As the play progressed, Laurie served the other characters with a dutiful efficiency, yet her square-cut uniform and air of innocence was undermined by stiletto high heels. She was, I thought, a prime suspect, and by the final scene Laurie was the only surviving staff member of the large mansion. Legs firmly planted between the recently deceased bodies of the butler and the cook, she stood at the front of the stage while a disembodied voice declared over the p.a. that the time had come to vote.

Though I suspected the young fellow whose parents had been disinherited might be the culprit—if I remembered correctly, only he was present when each victim flopped to the floor, gasping for breath—I joined the applause for Laurie.
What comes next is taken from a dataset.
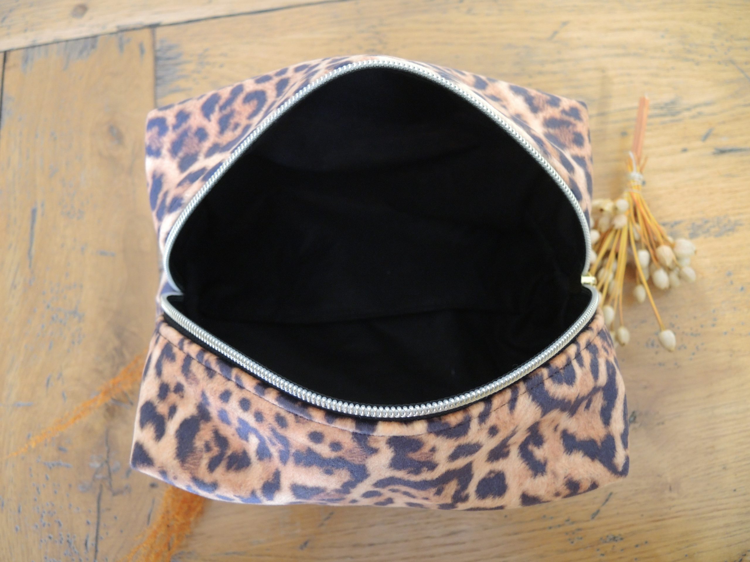 TROUSSE LEOPARD – TAILLE M Le velours côtelé, un tissu plein de charme qui traverse les temps sans jamais se démoder. Glissez-la très facilement dans votre sac à main, votre sac de voyage ou bien tout simplement dans votre salle de bain. Elle vous permettra de ranger tous vos petits accessoires de toilette, cosmétiques, lingettes lavables, et autres produits. De toute évidence, une trousse pour tout votre bazar dont on a tous besoin ! Emportez-la partout avec vous… Lavage en machine à 30°C ou 40°C ou lavage à la main

I clapped and clapped and clapped, and even after others in the audience had stopped, still I went on. I wanted Laurie to be guilty, I wanted to see her confess before being hustled offstage to prison.

But the audience's nod went to Walter, the hunched and frail grandfather and head of the family who, he reluctantly revealed, had shot tiny dissolving darts of slow-acting poison from the footrest of his wheelchair, aiming under the dinner table to kill his only slightly less wrinkled younger brother Harold.

“But I kept
missing
,” the old man moaned, wheeling his chair in circles as the other actors ducked. “I had nothing against Raymond—he was the finest butler in a hundred miles. And Jacques, who could rival his goose liver tarts? I was even sad to see cousin Sophie die, conniving bitch that she was. …”

“So why did you try to kill your own brother?” the hapless, greasy-haired detective asked, pointing to Harold, who cowered behind a suit of armor.

“He was trying to blackmail me.” Parking his wheelchair center stage, the old man's voice cracked with emotion as he continued: “He threatened to expose my relationship with Millicent!”

All eyes turned to Laurie, who shed her modest demeanor with one piercing cry as she rushed to Walter's side. She ripped the top buttons from her uniform, revealing a sexy black teddy. “It's true, we love each other so,” she proclaimed huskily. “Every wrinkle, every liver spot makes me seethe with passion.” Laurie wriggled in elaborate ecstasy, both hands kneading the old man's chest and shoulders.

“All you want is the family fortune!” Harold howled, brandishing the suit of armor's gilded sword. Before anyone could stop him, he impaled his older brother and crowed triumphantly, “Now it's too late.”